- Task requirements
Below are entries with pictures in them. Output exactly the lines starting at the line with "- XL Sofa Measure: 112.2L" and ending at the line with "结果第一局比赛,KT没有展现", both included, but not the pictures.

- Raw data
——————————

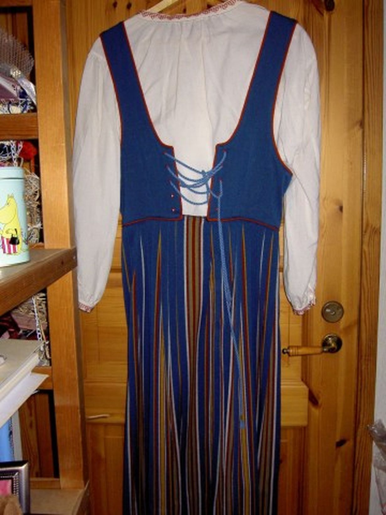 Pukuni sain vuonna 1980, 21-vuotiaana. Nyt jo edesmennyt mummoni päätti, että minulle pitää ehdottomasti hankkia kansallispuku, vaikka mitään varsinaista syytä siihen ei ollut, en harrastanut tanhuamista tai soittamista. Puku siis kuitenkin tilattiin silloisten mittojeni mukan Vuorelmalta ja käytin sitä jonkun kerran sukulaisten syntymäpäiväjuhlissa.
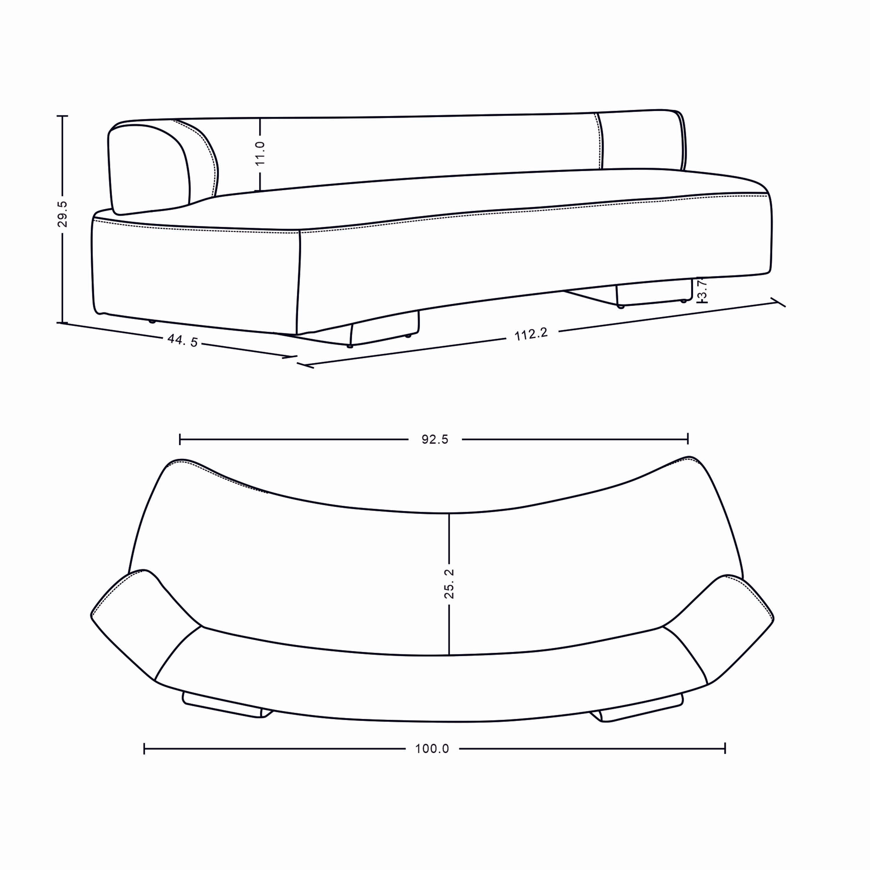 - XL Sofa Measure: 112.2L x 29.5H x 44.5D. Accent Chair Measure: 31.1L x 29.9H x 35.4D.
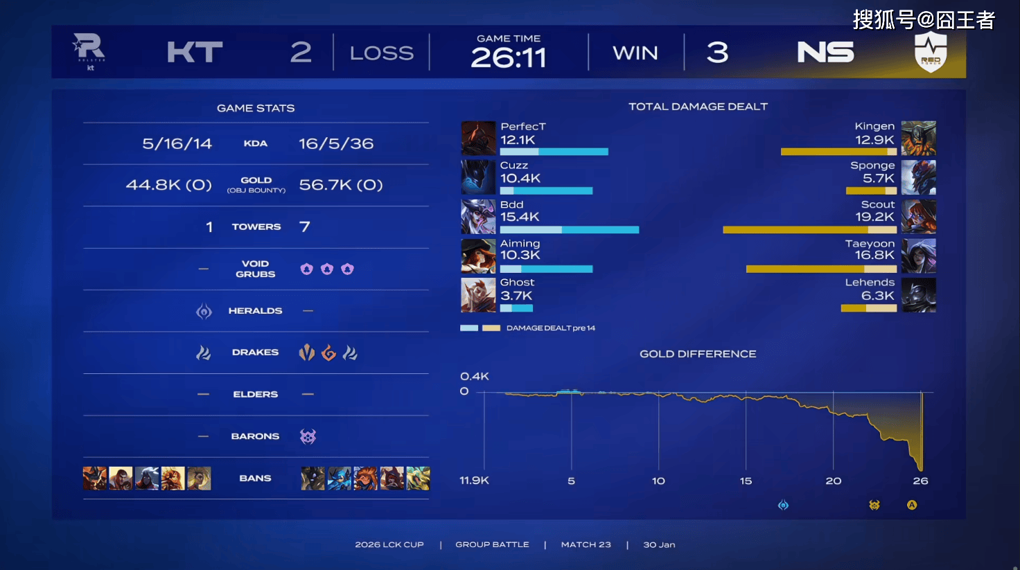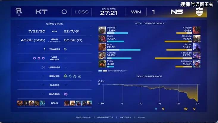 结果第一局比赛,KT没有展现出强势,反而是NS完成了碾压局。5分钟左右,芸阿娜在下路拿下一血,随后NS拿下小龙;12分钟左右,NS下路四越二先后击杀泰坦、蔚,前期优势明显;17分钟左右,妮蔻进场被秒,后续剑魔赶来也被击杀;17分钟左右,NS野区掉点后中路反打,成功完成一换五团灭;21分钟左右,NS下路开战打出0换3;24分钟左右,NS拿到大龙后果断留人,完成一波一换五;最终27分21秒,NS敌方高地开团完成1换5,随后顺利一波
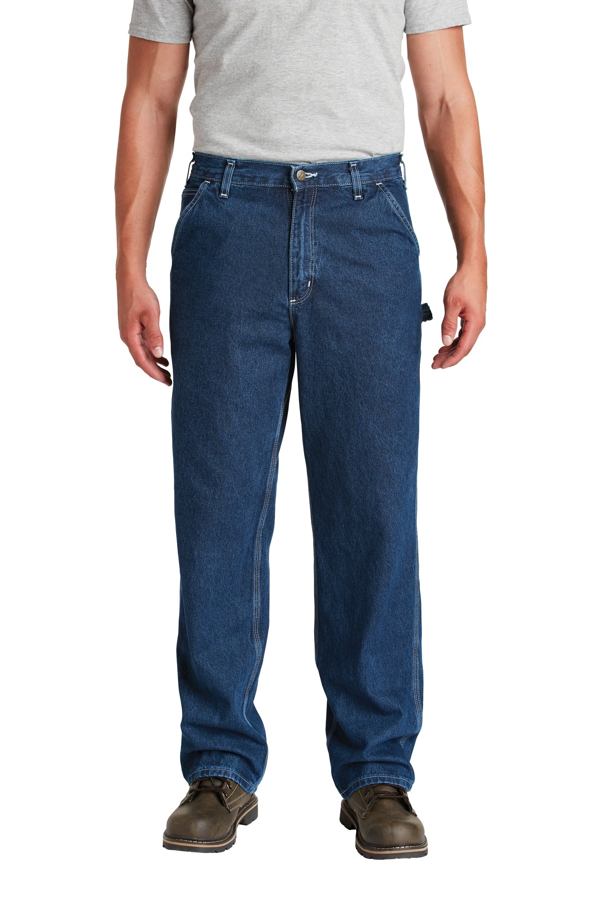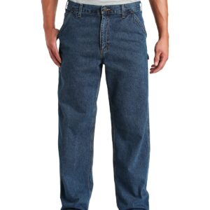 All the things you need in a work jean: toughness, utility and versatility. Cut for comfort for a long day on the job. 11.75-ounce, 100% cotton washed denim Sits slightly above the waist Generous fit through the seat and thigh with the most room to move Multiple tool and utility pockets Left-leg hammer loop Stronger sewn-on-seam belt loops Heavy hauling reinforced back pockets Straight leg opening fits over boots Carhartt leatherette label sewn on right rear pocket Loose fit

——————————

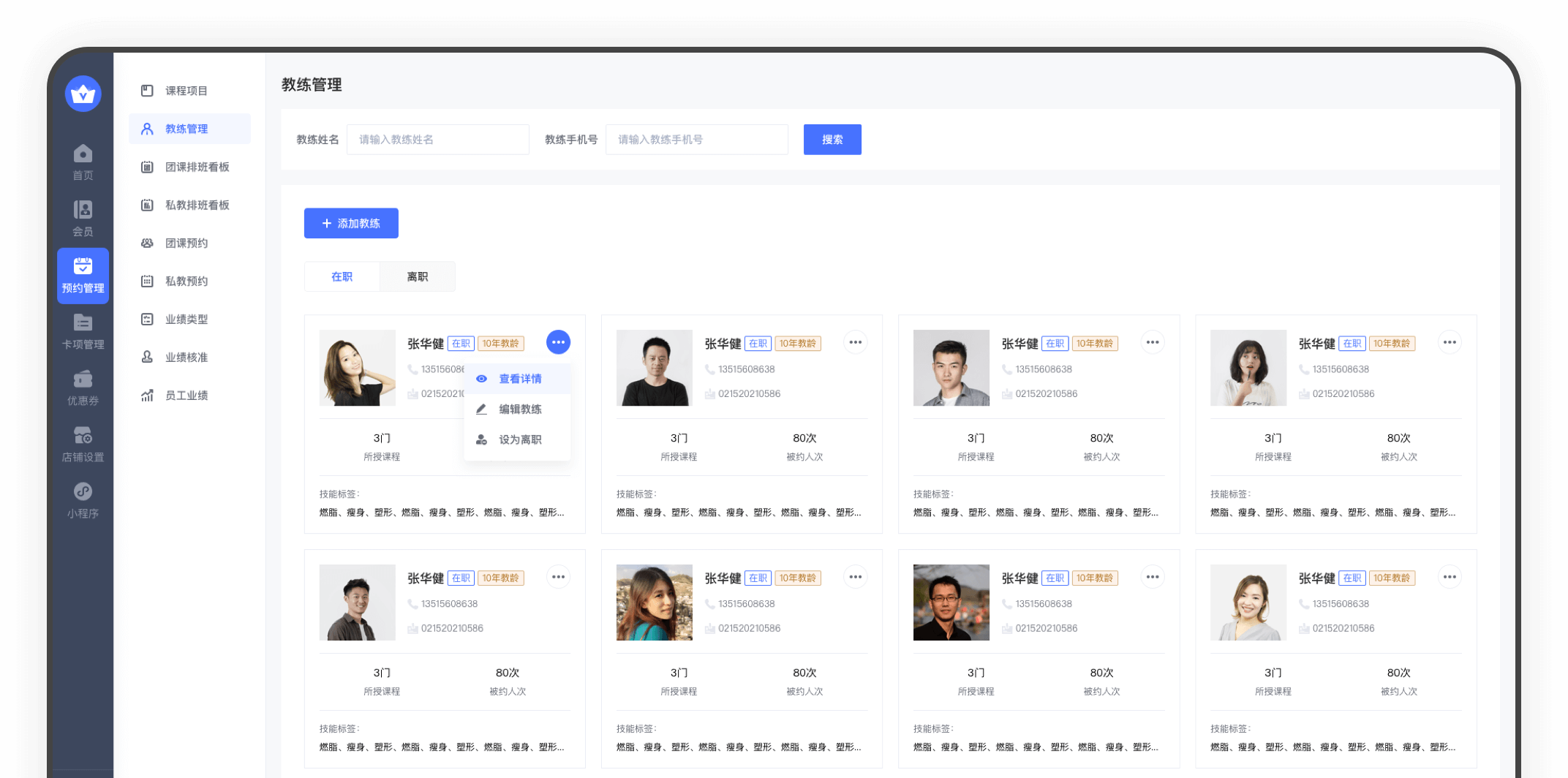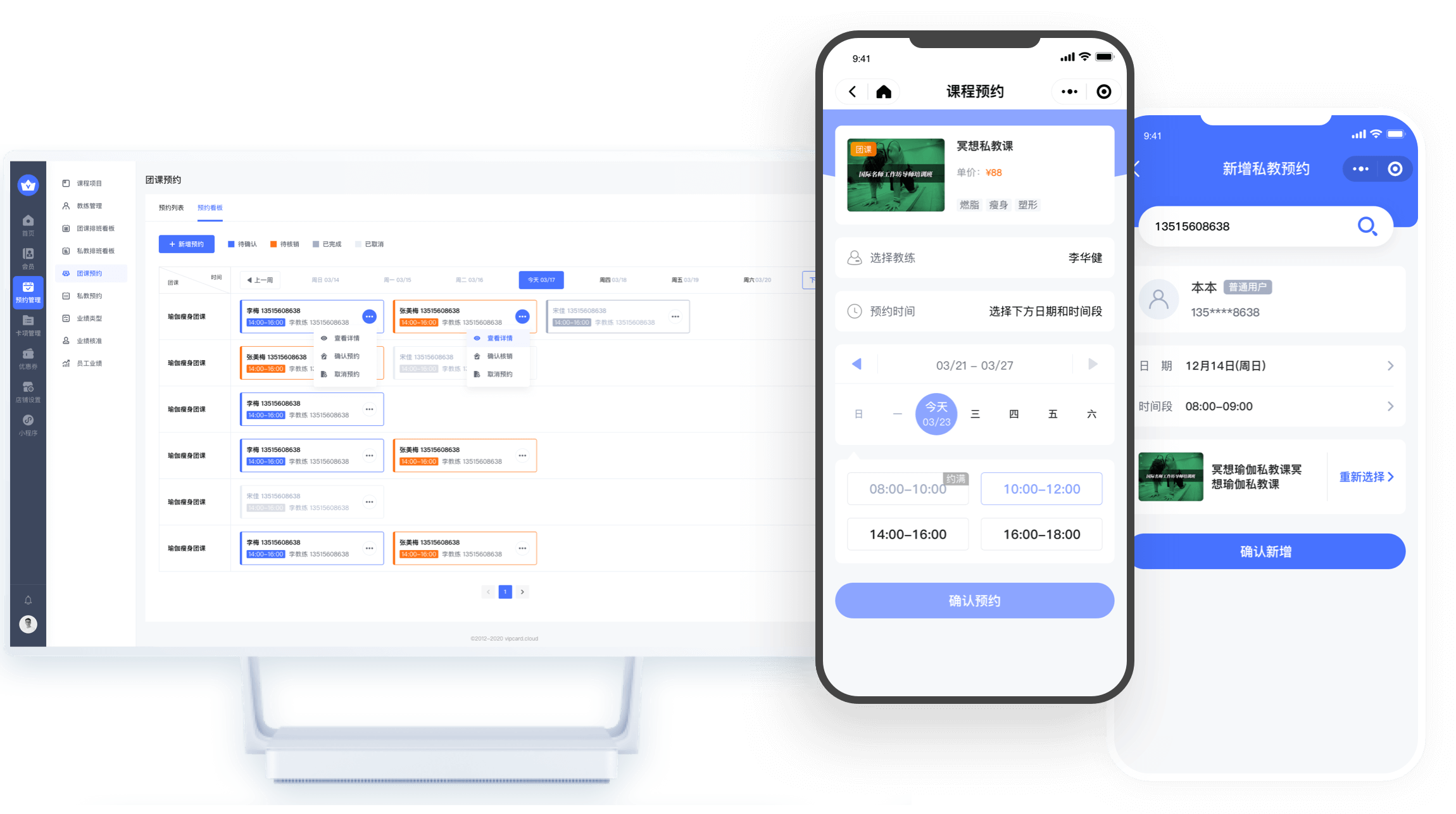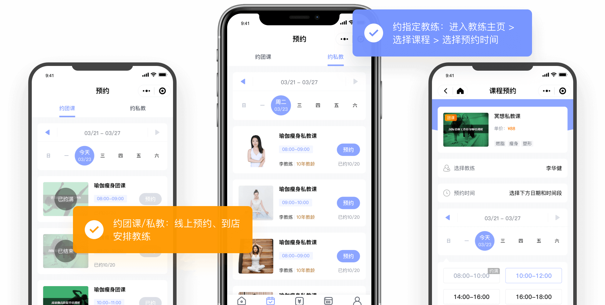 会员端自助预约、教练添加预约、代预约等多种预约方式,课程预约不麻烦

——————————

- Response to the task
 - XL Sofa Measure: 112.2L x 29.5H x 44.5D. Accent Chair Measure: 31.1L x 29.9H x 35.4D.
 结果第一局比赛,KT没有展现出强势,反而是NS完成了碾压局。5分钟左右,芸阿娜在下路拿下一血,随后NS拿下小龙;12分钟左右,NS下路四越二先后击杀泰坦、蔚,前期优势明显;17分钟左右,妮蔻进场被秒,后续剑魔赶来也被击杀;17分钟左右,NS野区掉点后中路反打,成功完成一换五团灭;21分钟左右,NS下路开战打出0换3;24分钟左右,NS拿到大龙后果断留人,完成一波一换五;最终27分21秒,NS敌方高地开团完成1换5,随后顺利一波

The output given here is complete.